Former President George H. W. Bush rides tandem with Sgt. Michael Elliott of the Army Golden Knights parachute team as he celebrates his 85th birthday with a parachute jump, Friday, June 12, 2009, over Kennebunkport, Maine. Bush jumped again on his 90th birthday, June 12, 2014.

KENNEBUNKPORT, Maine — Former President George H.W. Bush celebrated his 90th birthday on Thursday by making a tandem parachute jump near his summer home in coastal Maine, delivering on a vow he made five years ago even though he can no longer use his legs.

The nation's 41st president jumped from a helicopter harnessed to Sgt. 1st Class Mike Elliott, a retired member of the Golden Knights, the Army's parachute team, near Kennebunkport. Elliott guided Bush to a gentle landing five years ago.

On Thursday morning, the helicopter picked up Bush outside his home, known as Walker's Point. His family transported him from wheelchair to the chopper, then sang "Happy Birthday" before it took off.
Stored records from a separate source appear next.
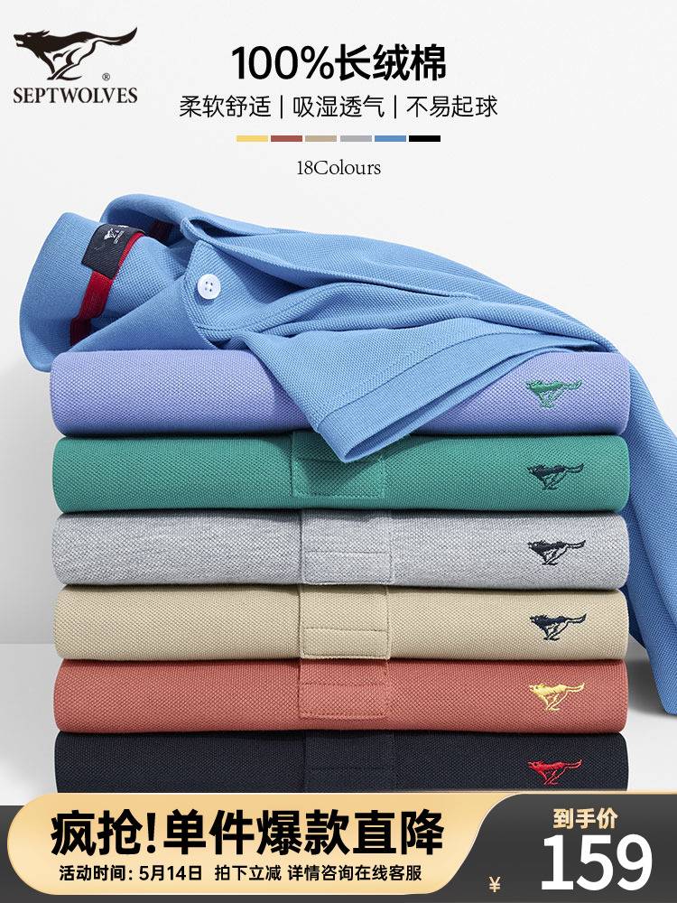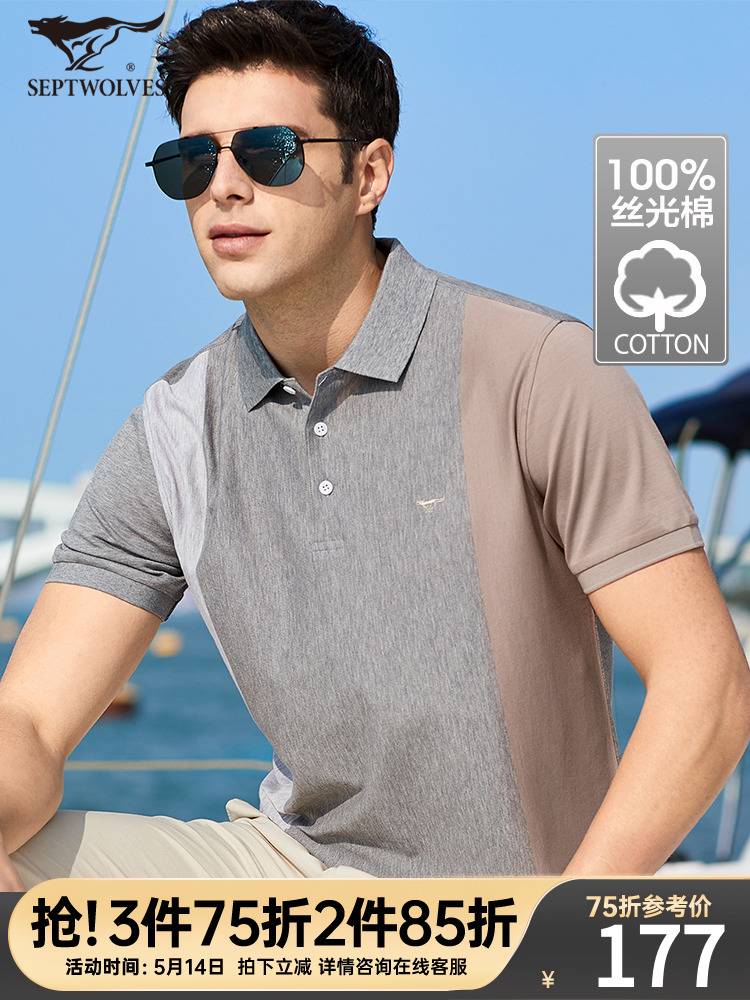 七匹狼男装冰丝光棉短袖T恤2023夏季新款翻领Polo衫男士中年半袖
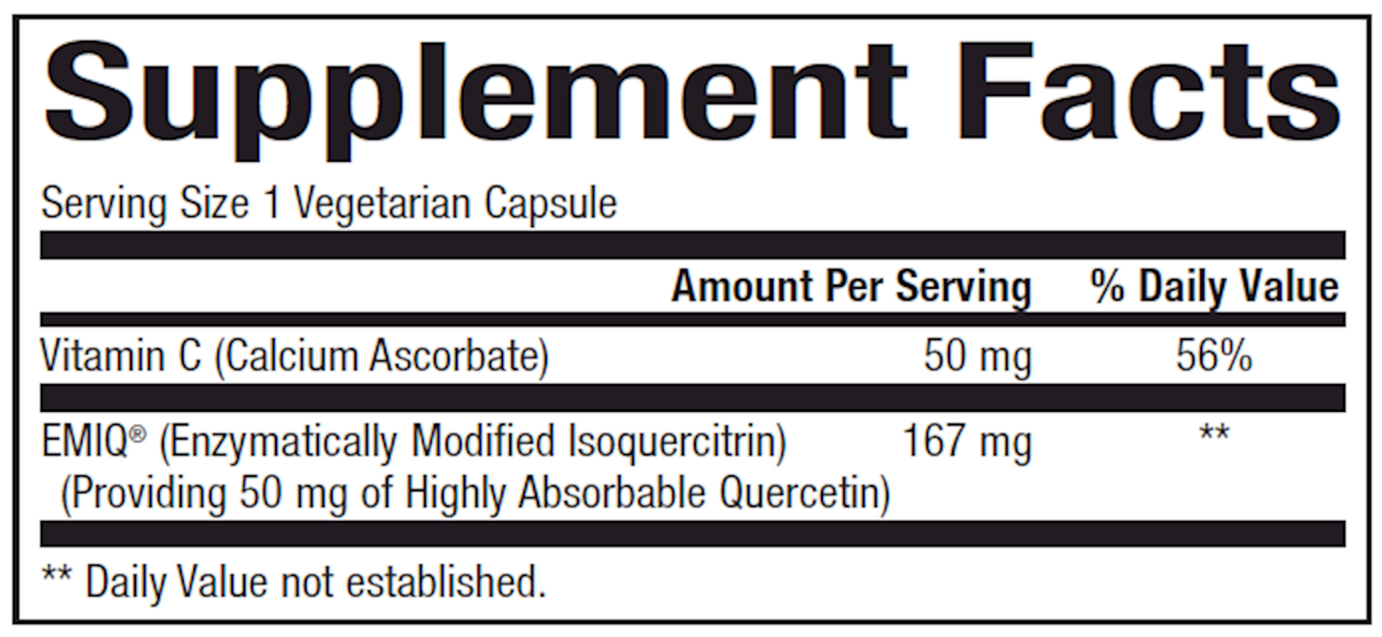 • Provides 167 mg enzymatically modified isoquercitrin (EMIQ) and 50 mg vitamin C per capsule
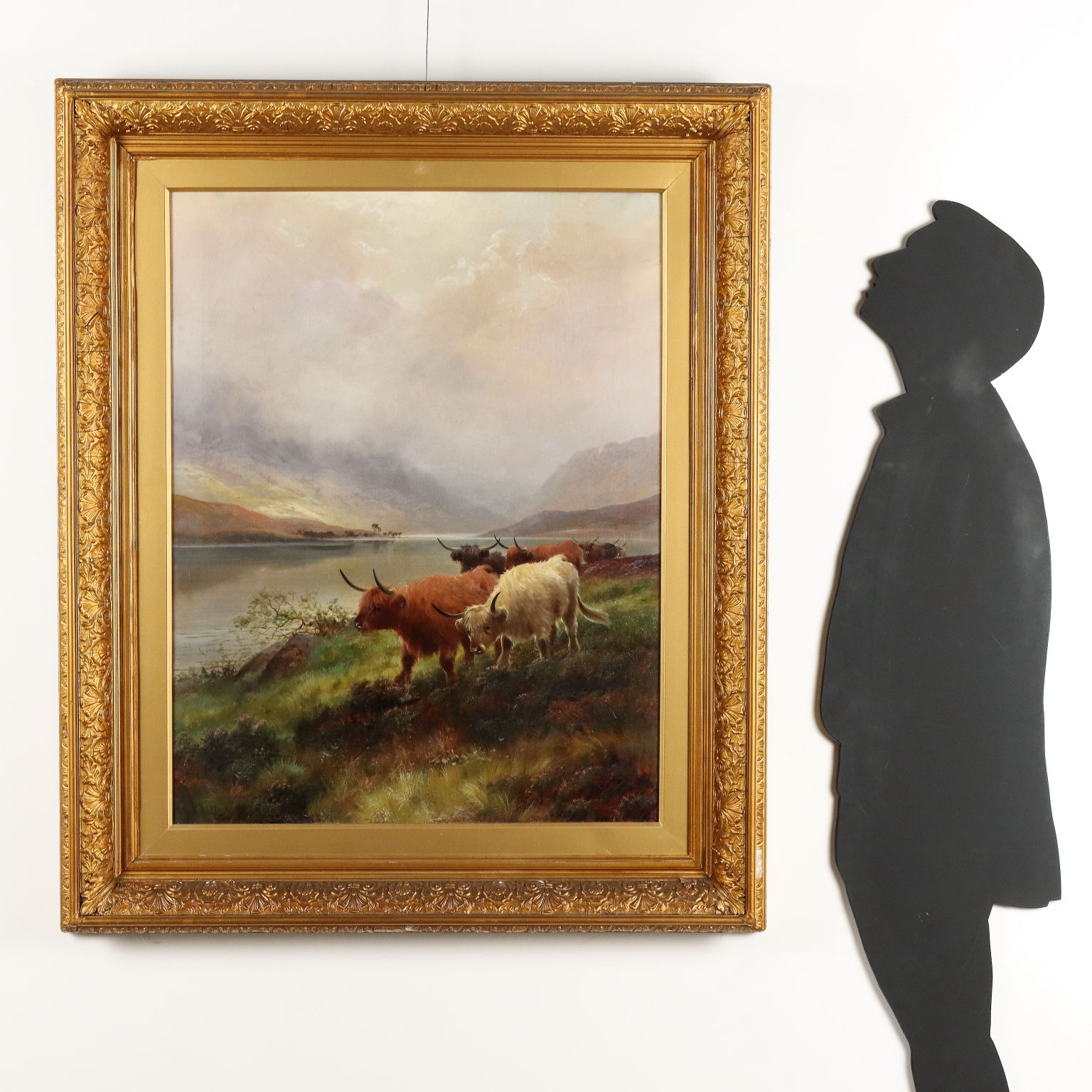 Oil on canvas. Signed lower left. Further signature and title on the back. A herd of Highland cows, a typical Scottish breed, is depicted on the shores of the Scottish lake Venachar. Henry Robinson Hall was an English artist who specialized in Victorian landscapes, and in particular glimpses of the Scottish countryside animated by herds of typical animals. The painting is presented in a gilded frame from the first half of the 20th century.

Bush could later be seen floating to the ground using a red, white and blue parachute. He landed safely and softly near St. Ann's Church, according to a spokesman, out of the sight of reporters.

Witnesses said he was greeted with a hug and a kiss from his wife, Barbara, and a hug from his son George. The family then left the landing zone without talking to reporters stationed nearby.

Hundreds of people gathered on the rocky coast near the church to get a glimpse of the jump.

"He has a lot of courage. We need more like him," said David Morris, 79, of Melrose, Massachusetts. He's one of several onlookers gathered on rocky coast outside church to watch.

"I think it's wonderful. I hope I can jump out of a plane at 90," said Carol Schierl, 75, of Green Bay, Wisconsin,

The jump was kept secret partly to give Bush himself the option of bagging it. Thursday's forecast called for clouds and scattered showers across southern Maine.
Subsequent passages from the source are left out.